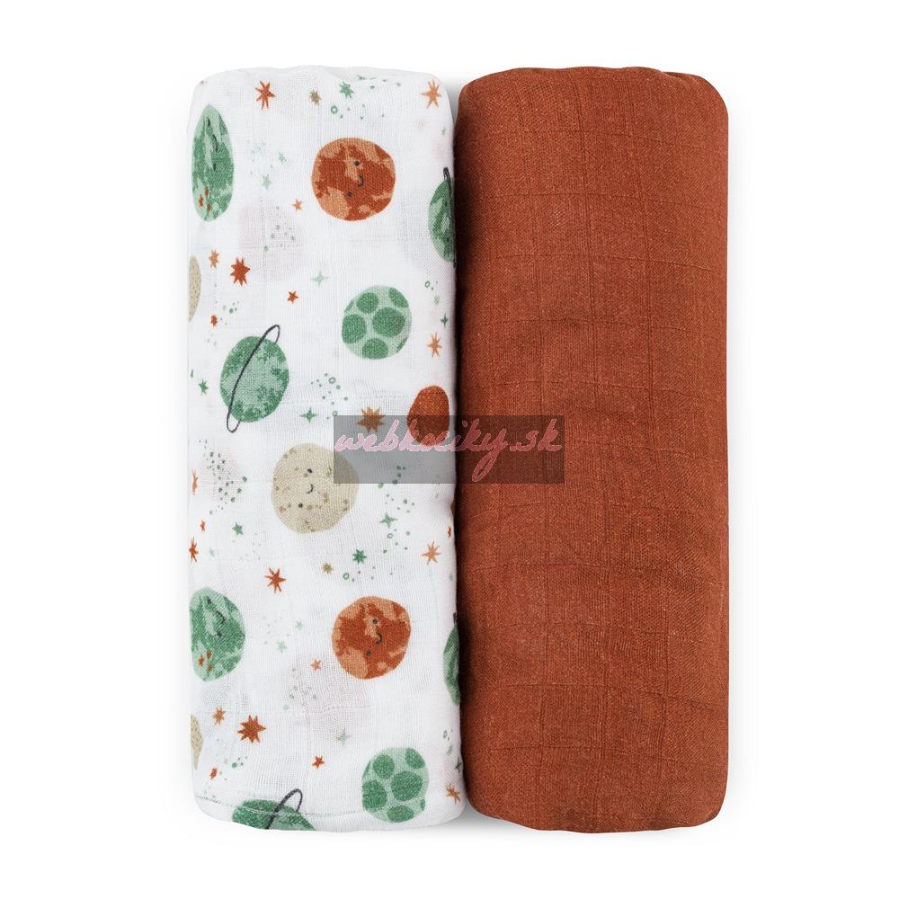 PETITE&MARS Prikrývka bambusová mušelínová 2ks Misty Celestial Planets 120 x 120 cm
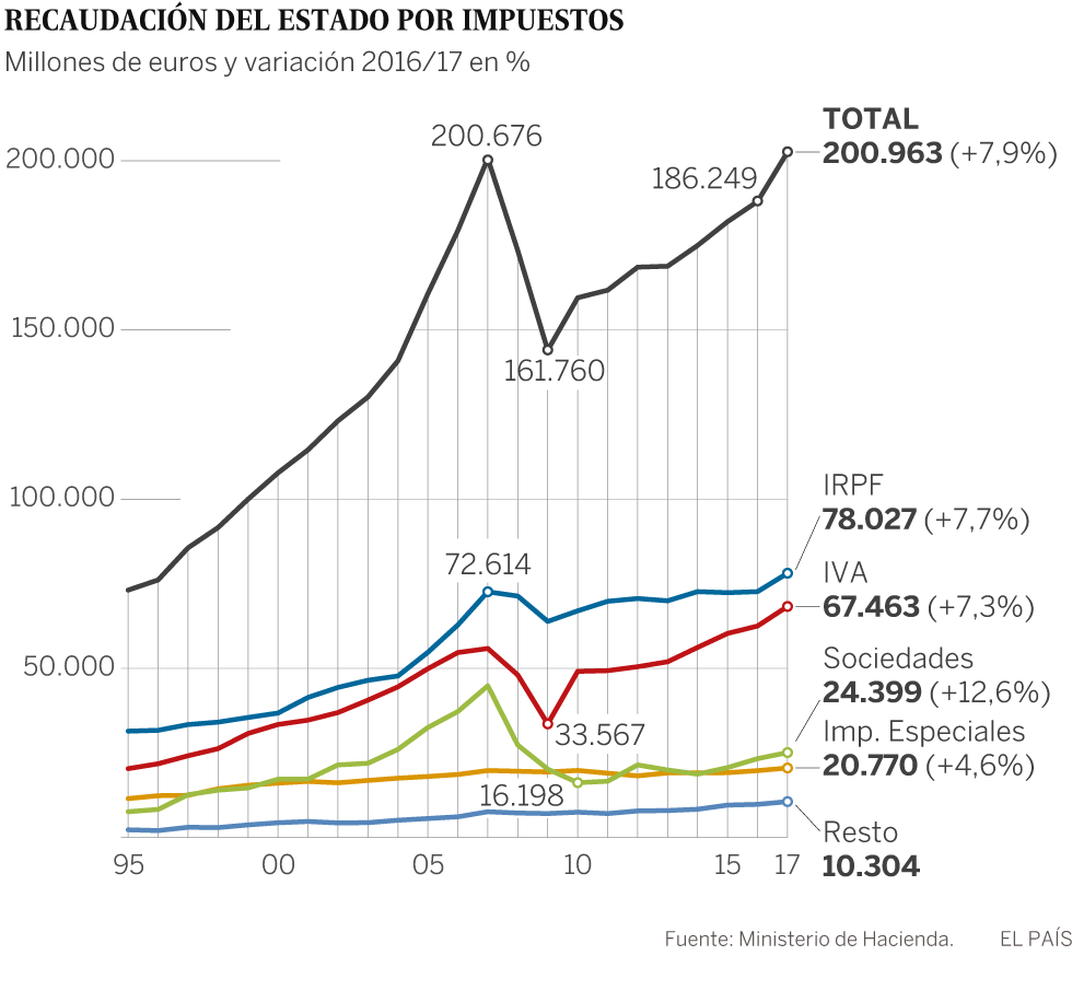 El Gobierno tiene que reducir los números rojos del 4,33% del PIB registrado el año pasado al 3,1% que marca Bruselas. Eso supone un ajuste de cerca de 14.250 millones. Una parte importante llegará por el tirón de los ingresos. El ministro ha presupuestado una recaudación, algo optimistas, de 200.963 millones de euros, un 7,9% más. De cumplirse serán los mayores ingresos tributarios de la historia, superando la marca de 2007, cuando la burbuja inmobiliaria aportaba recursos extra.
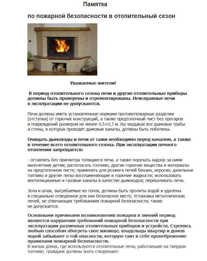 ПРАВИЛА ПОЖАРНОЙ БЕЗОПАСНОСТИ ПРИ ЭКСПЛУАТАЦИИ ПЕЧНОГО ОТОПЛЕНИЯ, ГАЗОВОГО ОБОРУДОВАНИЯ И ЭЛЕКТРОПРИБОРОВ 30.11.2018
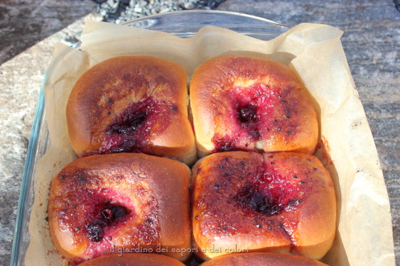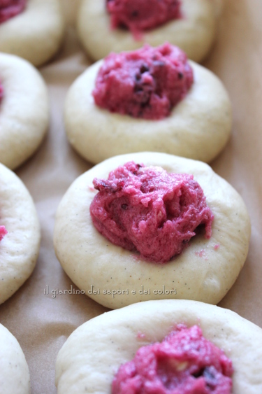 Dopodiché ho formato 8 palline, con le dita ho fatto un buco al centro e disposto un cucchiaino di composto preparato mescolando il burro morbido con lo zucchero e la confettura. Ho disposto le brioche nella teglia rivestita con carta da forno.
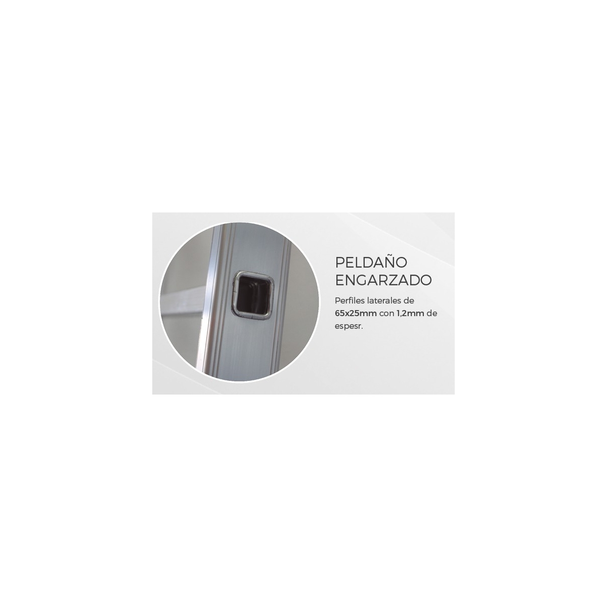 Professional extruded aluminum ladder. Non-slip rubber front studs and 90cm stabilizing base to ensure a better grip. Characteristics
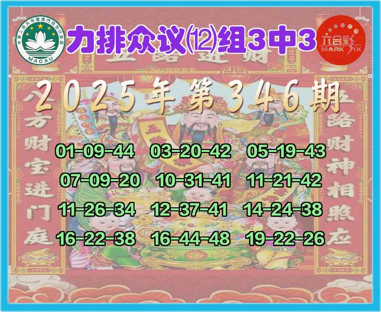 346期:【力排众议】 🥧 ⑿组3中3 🥧
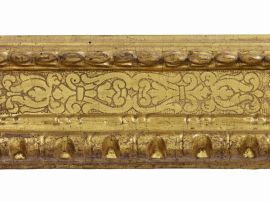 sagoma a cassetta. Battuta a gole lisce, profilo aggettante strigliato con foglie aperte agli angoli, gola liscia, fusarole divise da due perle appoggiano su fascia piatta, abbellita da racemi fogliacei stilizzati su fondo bulinato, profilo di fogliette, gole diritte e rovesce portano a muro. Doratura a guazzo in oro zecchino con preparazione a bolo marrone. Luce cm 97,5x73,2; ingombro cm 121,5x97,2
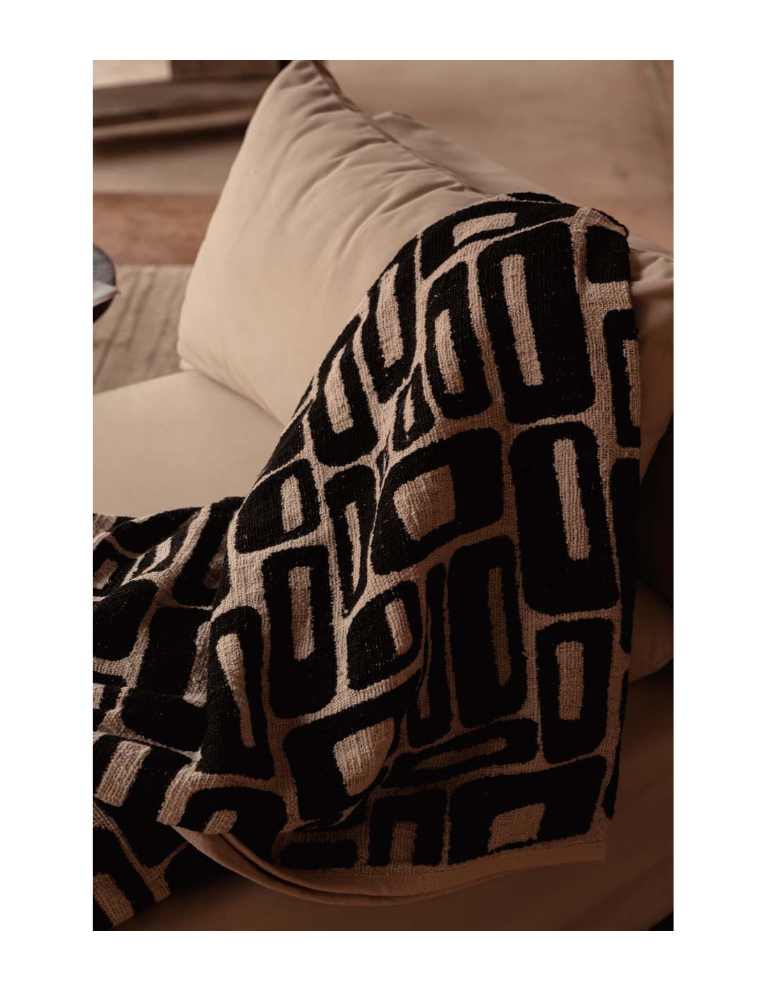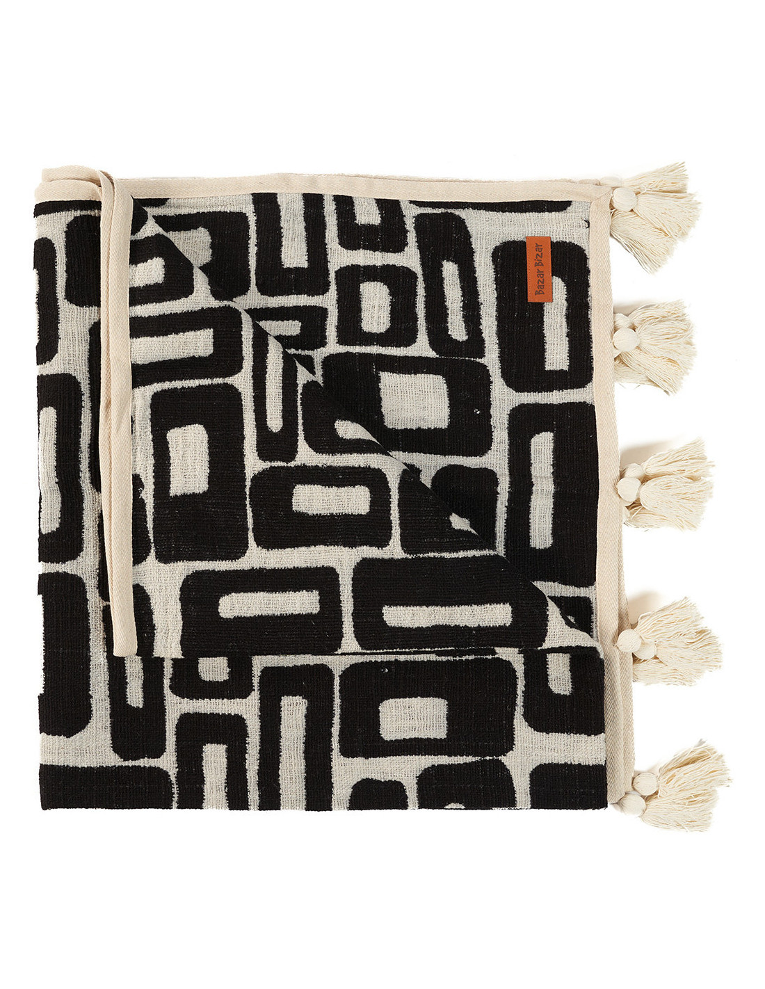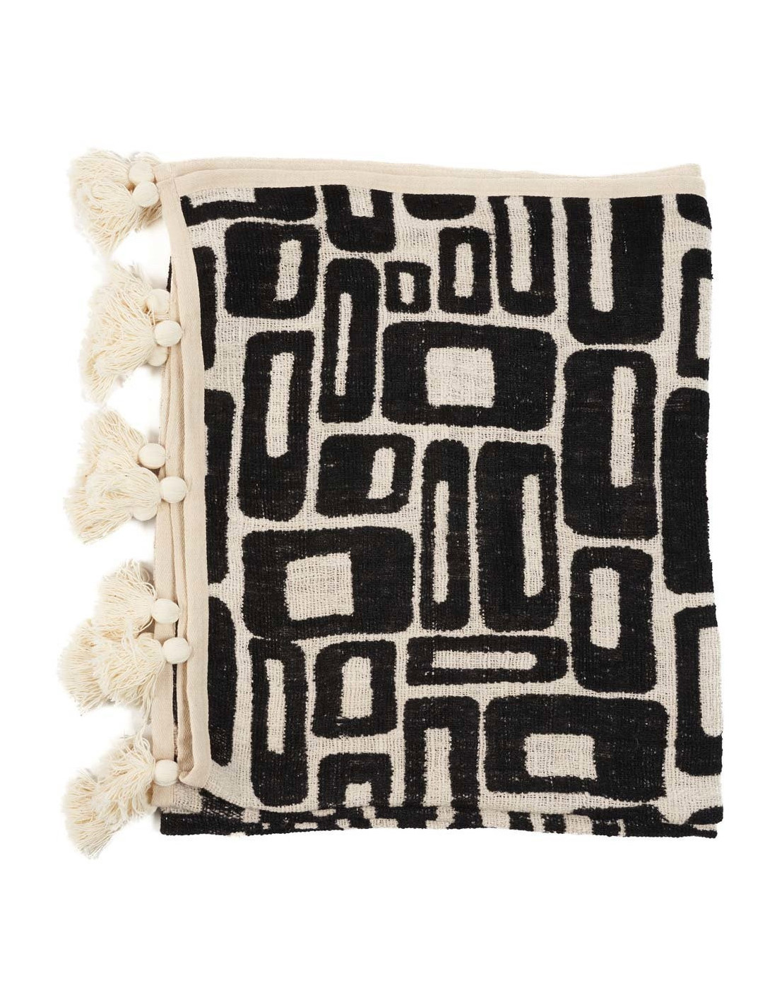 Plaid XXL original motif aztèque 240x128 en Coton Naturel Noir Avec pompons The Aztec

:: Exercise objective ::
Nothing but the lines above, starting at the line that contains "Professional extruded aluminum" and ending at the line that contains "346期:【力排众议】 🥧 ⑿组3中3 🥧", should be given again, exactly and without the pictures.

:: Reply ::
 Professional extruded aluminum ladder. Non-slip rubber front studs and 90cm stabilizing base to ensure a better grip. Characteristics
 346期:【力排众议】 🥧 ⑿组3中3 🥧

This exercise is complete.